It had to do with Hart’s theory of campaigning. (Hart always had a theory.) He liked to build from the bottom up. That meant all organizing was local: once a person signed on to run a town, they need only turn to the state office for supplies, resources, and requests for the candidate’s time. In the same way, the state campaigns never had to follow orders from the national staff. The national staff was there to serve the states. When Hart explained the theory, he talked about concentric circles. The base of the campaign, and the locus of his greatest effort, was that first circle. It wasn’t too big—could not be—maybe ten or twelve souls in any one state, handpicked for their energy, credibility, and contacts, who knew Hart, knew what he stood for, had internalized the message. Those ten or twelve would then create a second, larger circle: people they knew, in their neighborhoods, or places of work. They might invite a group to their house to meet Hart, or get a member of the second circle to host a coffee, with
his
friends, which would start a third circle. The point was, the message would radiate out to the final, largest circle, the voters as a mass.

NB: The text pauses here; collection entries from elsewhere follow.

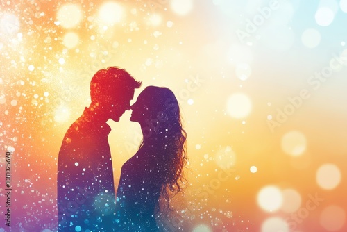 Romantic silhouette of a couple sharing a tender moment against a colorful bokeh background
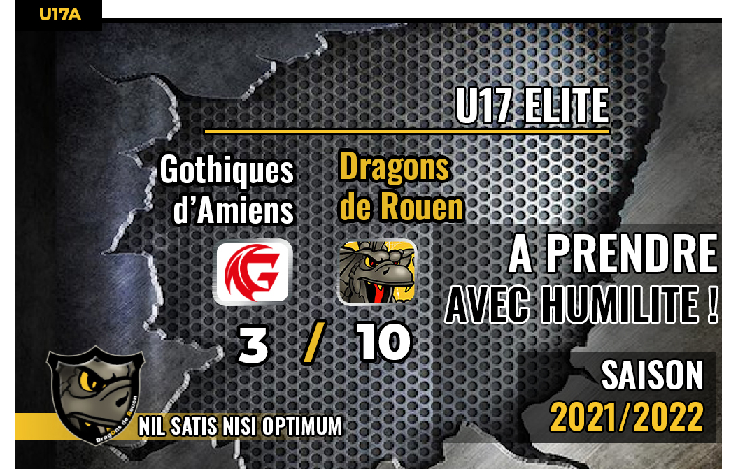 En l'espace de deux rencontres face à l'éternel rival amiénois, les U17 rouennais auront frappé les esprits avec des victoires amples. Déjà vainqueurs 8-0 sur l'Ile Lacroix, en déplacement au Coliséum rouge et noir, les Dragons auront fait encore mieux en signant une historique victoire 10-3 sur son adversaire préféré.
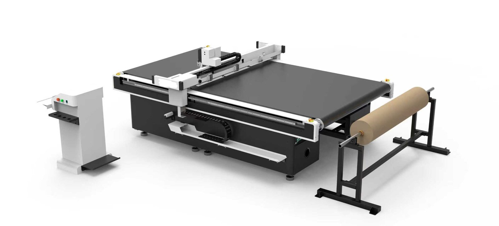 SV-2516s digital cutting machine is an intelligent digital cutting system, with receiving area,the material will not fall down after finish cutting.developed for sample cutting in packaging and printing industries, and for short-run customization production. Equipped with the most advanced 6-axis high-speed motion control system, it can make full-cutting, half-cutting, creasing, V-cutting, punching, marking, engraving and milling fast and precisely. All the cutting demands can be done with only one set of cutting machine. Our Cutting system can assist customers to process precise, novel, unique and high-quality products more quickly and easily in a limited time and space.
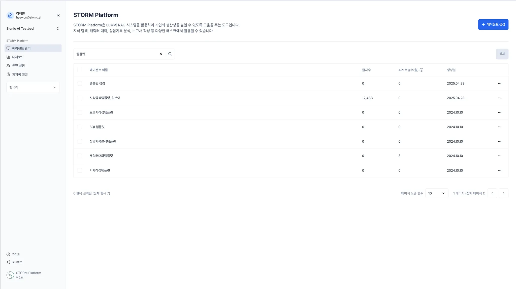 에이전트 관리 페이지에서는 에이전트 리스트를 관리하거나 새로운 신규 에이전트를 생성할 수 있습니다.
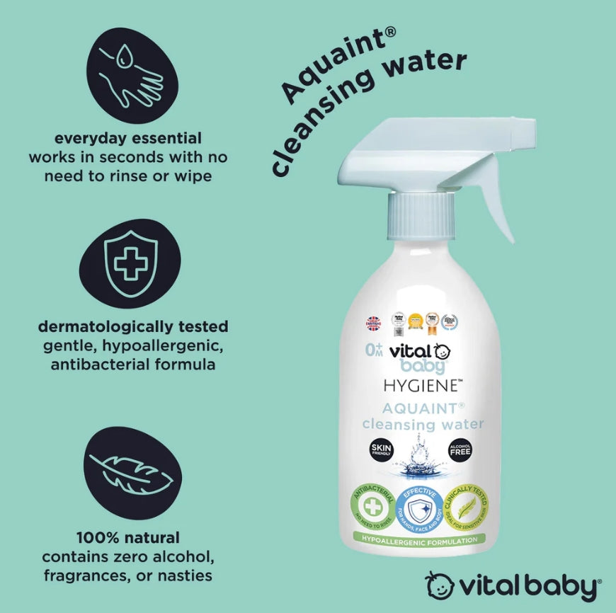 Абсолютно - съставките са напълно безопасни за контакт с кожата на бебето от самото раждане. Можете да пръскате дори и върху най-деликатната кожа. Aquaint е дерматологично тестван, за да се гарантира, че е нежен и хипоалергенен.
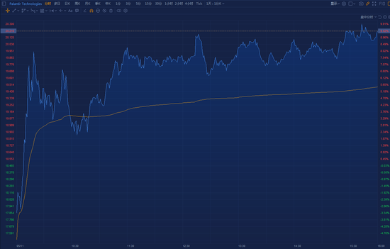 在一季度财报公布之后,Palantir股价出现反弹,结束了此前连续10天的下跌,盘中涨幅更一度超过9.9%。Palantir股价收盘报20.21美元,涨9.42%。而此前10天的下跌幅度接近23%。
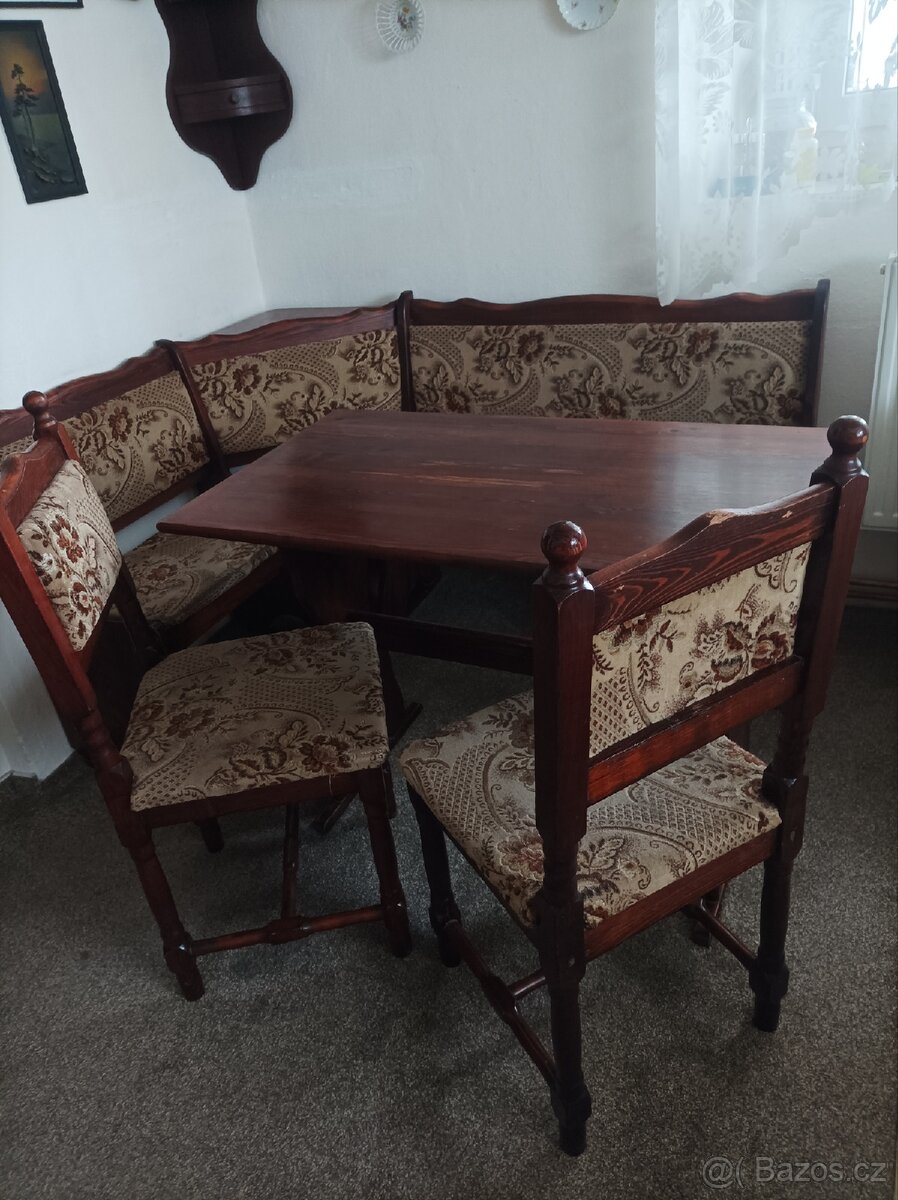 Prodám retro rohovou lavicí s úložným prostorem 150 cm x110 cm +stůl 100 cm x58 cm x74 cm + 2 židle. Vše v dobrém stavu. Vlastní odvoz. Platba hotově při odvozu.
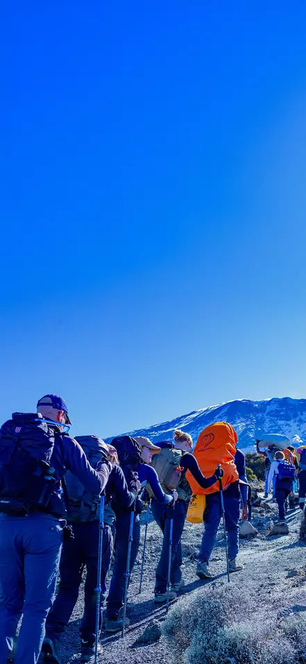 Efter en nat under den imponerende Great Barranco Wall og et solidt morgenmåltid klatrer du op ad den berygtede klippevæg. Noget som heldigvis er lettere end det ser ud til. På toppen under Heim gletsjeren, der hænger som kæmpe is-gardiner ud over massivet, folder Kilimanjaros skønhed sig ud på fantastisk vis.
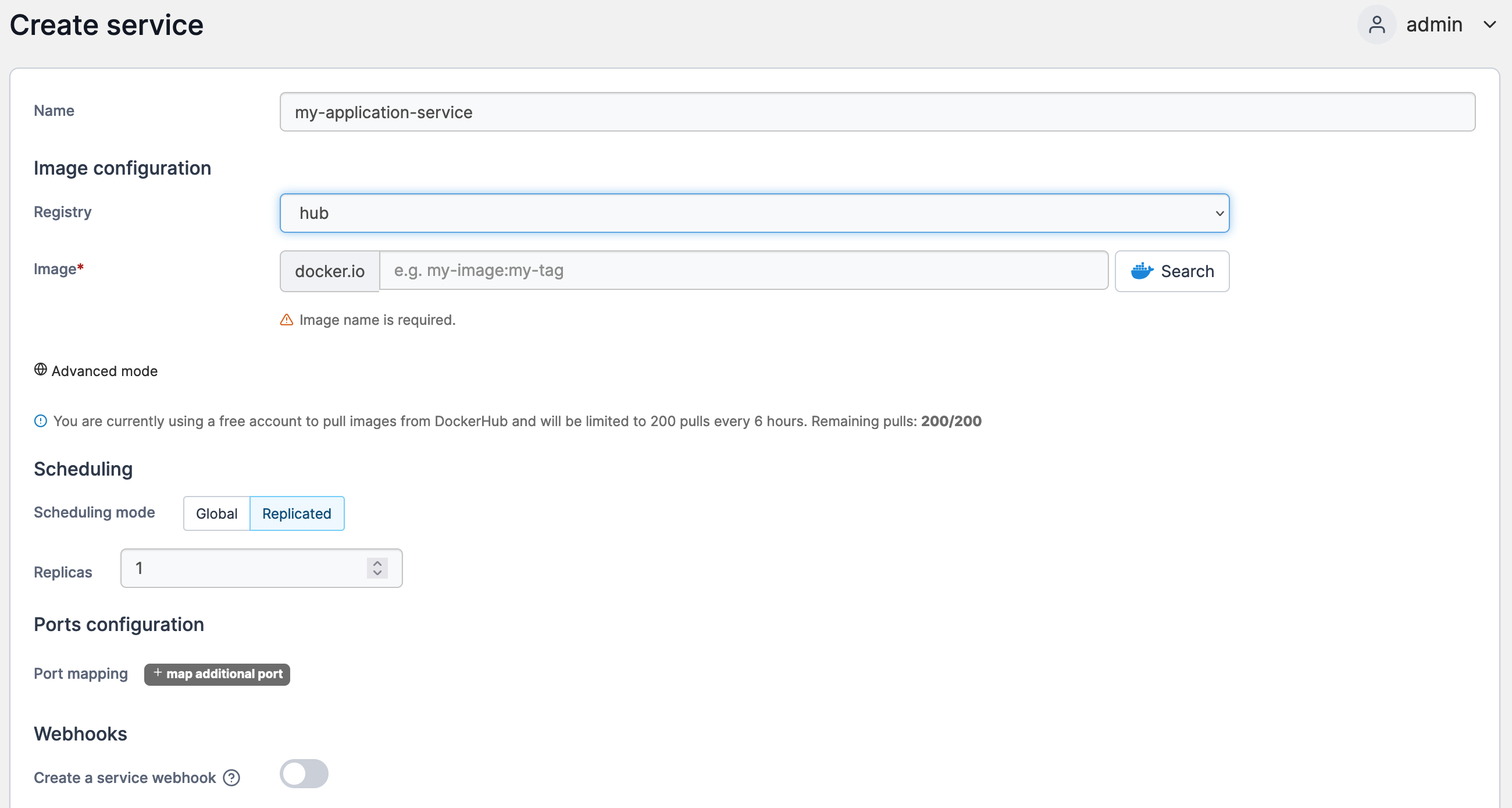 | Registry                 | Select the registry that contains the image you wish to use for the service.                                                                                                                                                     |
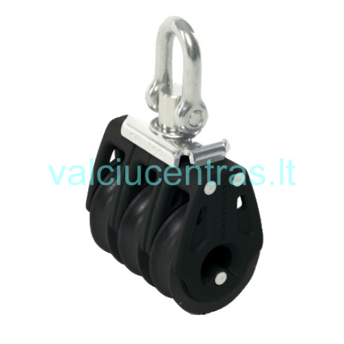 LEWMAR trigubas virvės blokas su šekeliu 30mm. Šoninės plokštelės pagamintos iš tvirto plastiko, šekelis iš nerūdijančio plieno.
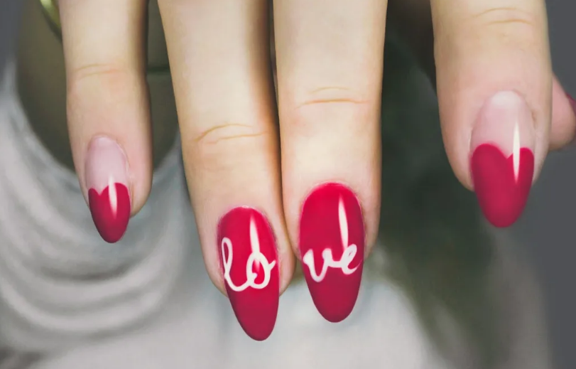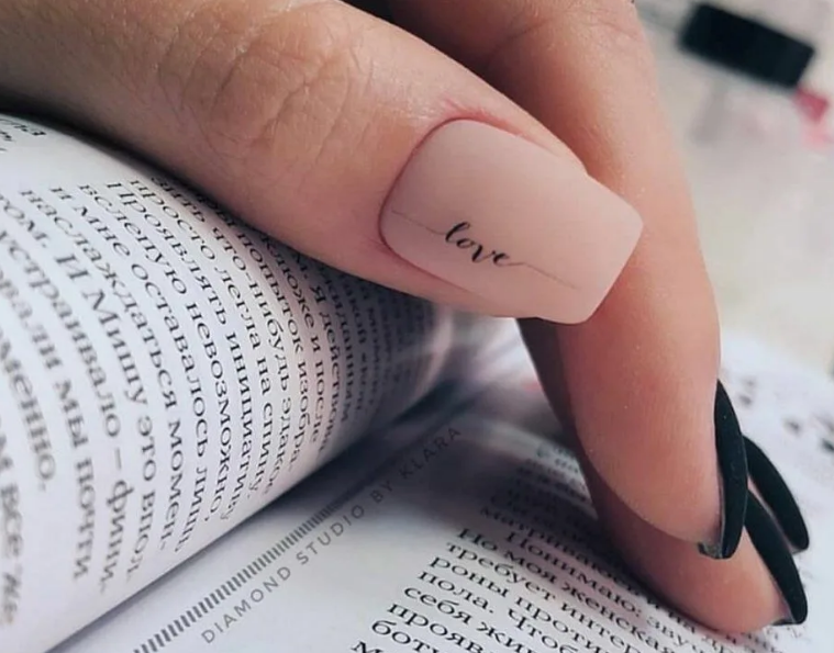 - Маникюр с надписью «Любовь»
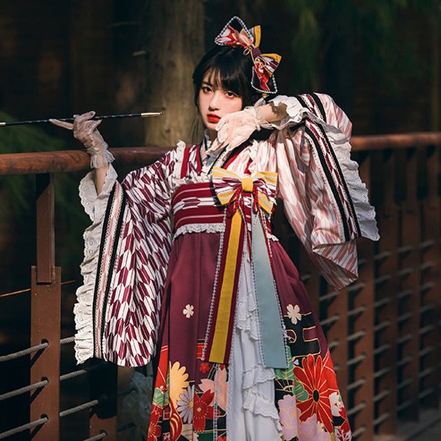 ゴスロリ通販 With U 予約販売 ゴスロリ服 和装 着物 セットアップ 大正浪漫 矢絣柄 レトロ ガーリー

It was like Amway ... or saving souls. More like the latter, because it rested on faith, ultimately on Hart’s own faith: he was the only one who fed all the circles. In ’83, Hart had to explain the theory, how it would work, over and over: forget about the polls—once he started to win, the polls would turn around overnight. Forget about endorsements: he could do more with half a dozen good twenty-two-year-old organizers than a score of State Senators who climbed on because they thought he was a winner. Before the votes went down in ’84, Hart even had to tell his people to forget about money—their salaries, which he could no longer pay. When he started to win, the money would roll in. It was the same thing he said about charisma: they called him aloof, too cool, couldn’t lift a crowd ... well, when he started to win—suddenly—they’d see the charisma. Americans love a winner, he said. They were going to love him.
And they did. After he won New Hampshire in ’84, he was instantly the candidate of charisma—funny, how he’d changed so much in a week. ... That’s what he thought this time around, when everybody said how much better he was. All the writers with him in January ’87 came away with the same psycho-political mumble about Hart—“more at ease with himself ... more relaxed ... more at peace ...” Yeah, he was more at peace: he was thirty points ahead.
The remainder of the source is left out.